Penelope Lively’s The Photograph was a widely-read book, as I recall. I held this against it, at the time. I read it only much later, after my taste matured and I no longer read scorn into dry English prose. Now I’ve just read the novel a second time. 

It was like driving along a country road for the second time. Things that I had completely forgotten when I began would come to mind only a few pages before they appeared. There’s going to be a bit about a painter, and then a rich man who owns one of the artist’s works. I was never quite sure of these developments, but then the road would twist and there they were. I knew that the woman at the center of the story, already dead at the beginning, would be shown to have taken her own life, but I didn’t recall how, only that it was in bed. Somewhere in the middle, I remembered that the potter knew everything. 

Kath, the suicide, was a beautiful woman, and that is her doom. Nobody loved her, because nobody thought of her as a human being. The one man who knew that she was human never gave loving her more than a passing thought: he was not in her class. The men who surrounded her regarded her as a divine trophy. She finally married one of them because she thought he loved her, but she discovered that, having captured her, he stopped paying serious attention and went back to work, as a member of that special English class, the telegenic academic.)

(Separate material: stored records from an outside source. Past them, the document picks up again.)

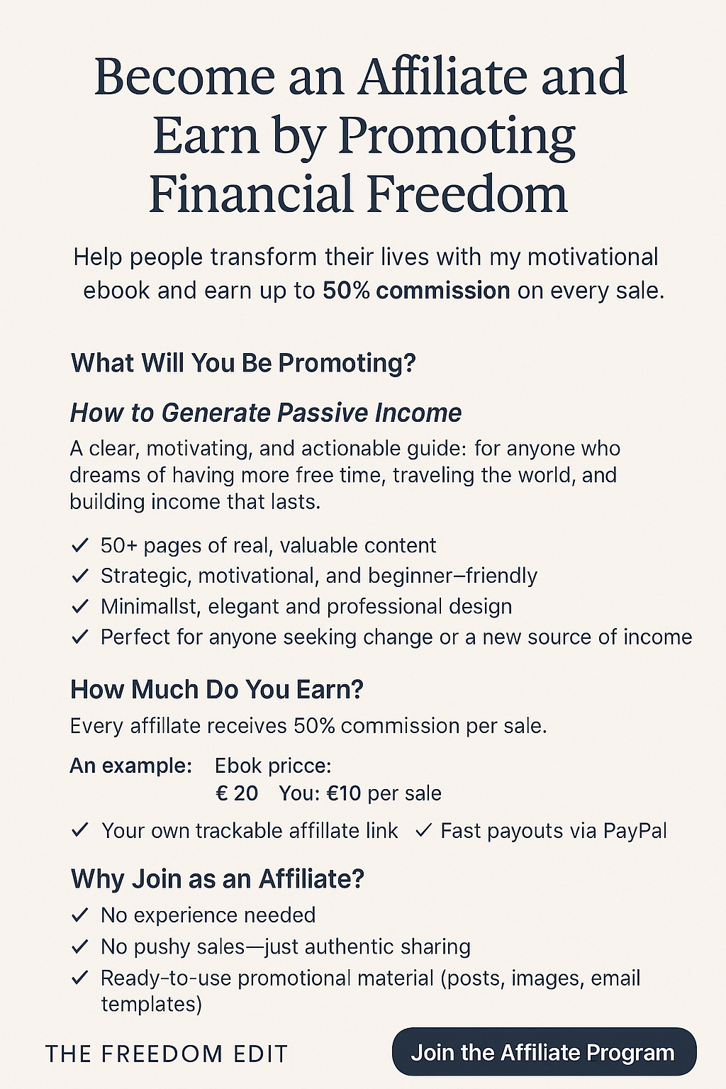 Become an Affiliate and Earn by Promoting Financial Freedom Help people transform their lives with my motivational ebook and earn up to 50% commission on every sale. No costs, only gains. Freedom for you—and for your audience. 💡 What Will You Be Pro...
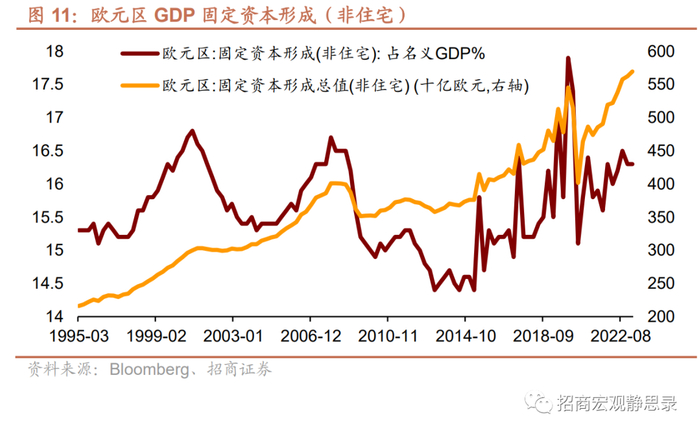欧元区制造业增加值占GDP的比重从去年以来明显提升。2023年一季度,制造业增加值占GDP比重为15.1%,前值为15.0%,去年一季度为14.6%。欧元区固定资本形成(非住宅)占名义GDP的比重在疫情中下降,2022年开始回升。2022年固定资本形成(非住宅)占名义GDP比重16.26%,较2021年提升0.35%。
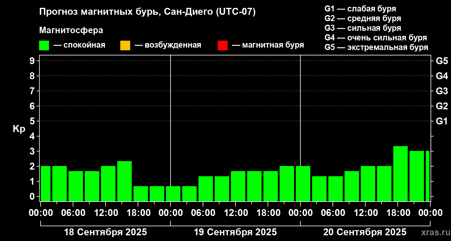 Прогноз магнитных бурь Сан-Диего на 18 сентября 2025 года
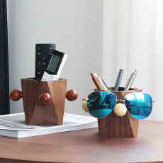 实木桌面遥控器收纳盒多功能客厅茶几整理盒北欧日式创意木制笔筒
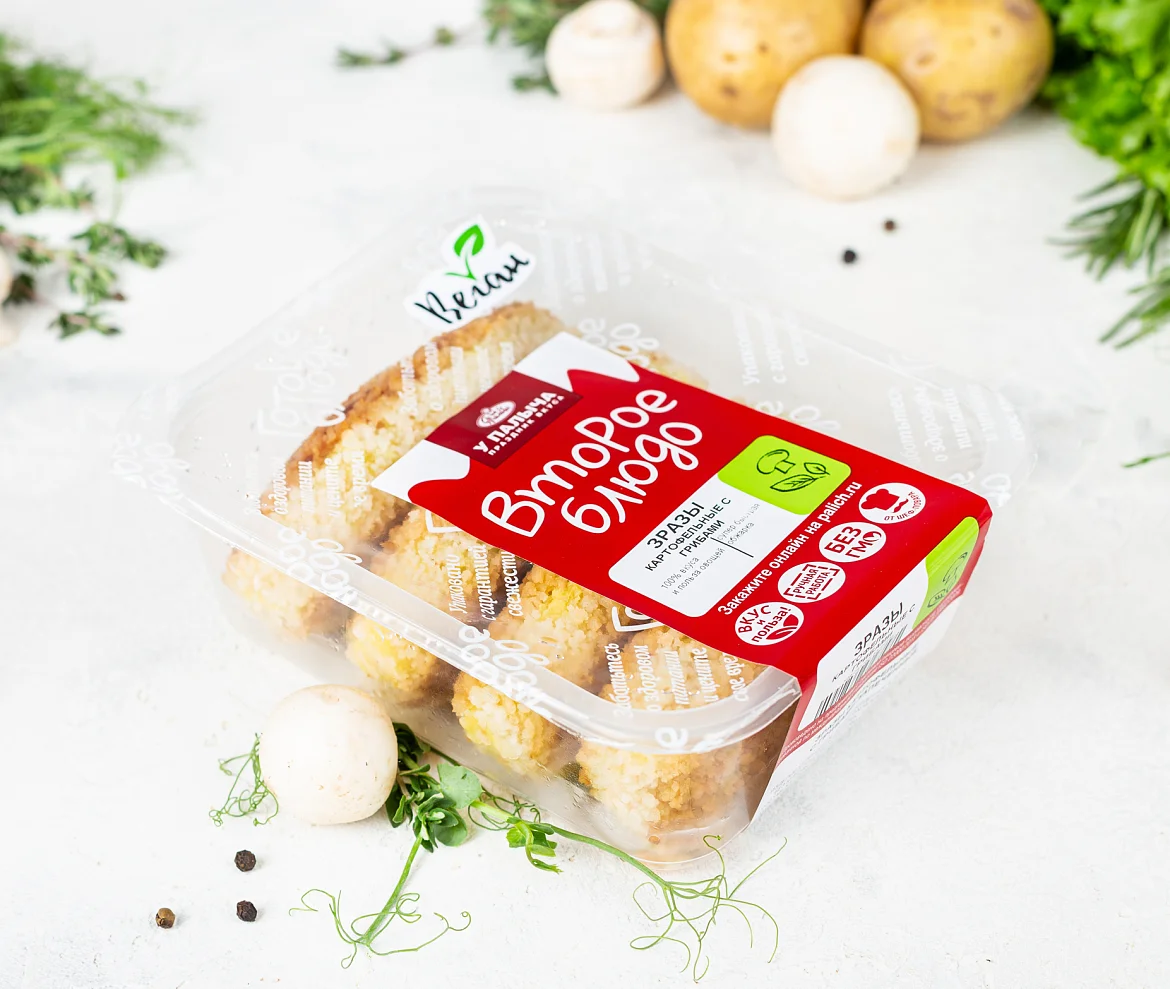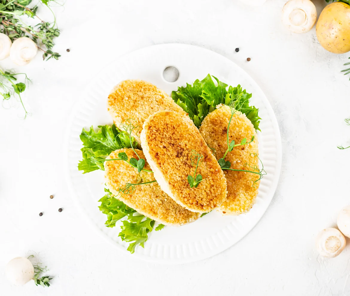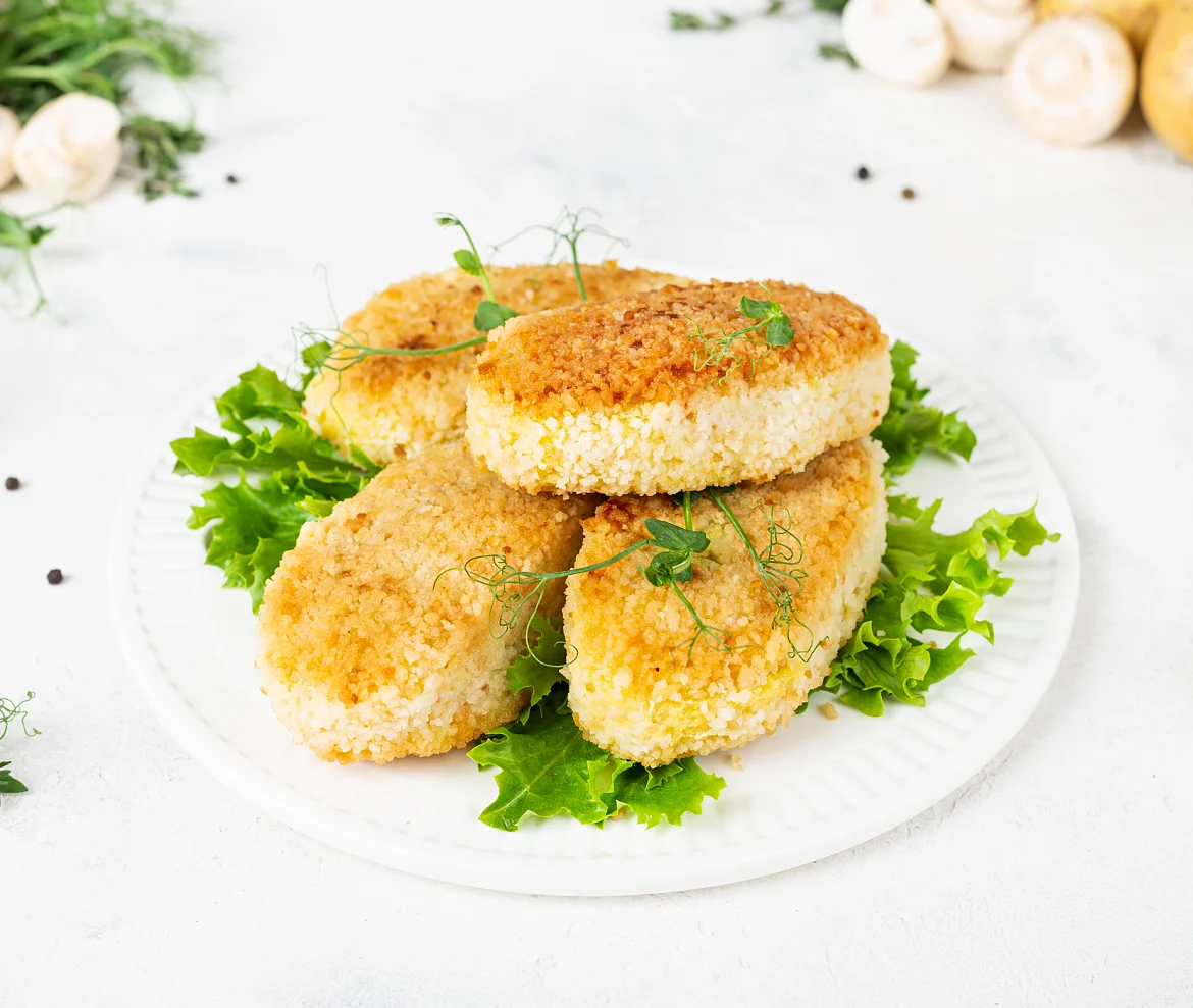 Картофель свежий, грибы шампиньоны свежие, масло подсолнечное рафинированное дезодорированное, сухари панировочные (мука пшеничная хлебопекарная в/с, вода питьевая, сахар, масло подсолнечное, соль, дрожжи хлебопекарные), лук репчатый свежий, крахмал картофельный, соль, чеснок свежий, перец черный молотый.

Kath was partly to blame, perhaps chiefly to blame. She fell back on her loveliness instead of learning a trade. But she was thwarted by her beautiful body of the one thing that might have saved her. Nobody guessed what it was, so she had to tell her closest friend, the potter. The eponymous photograph, which comes to light after her death, propels her survivors to give her life the consideration that they denied it when she was breathing. As they do so, the goddess becomes a mortal. Lively builds to the metamorphosis with a complete but subtle mastery of suspense. Recollections of Kath looking ethereal imperceptibly yield to recollections of Kath looking lost. Long before the revelatory chapter, we know that Kath is, or rather was, not to be envied. 

There’s no mystery about the novel’s popularity.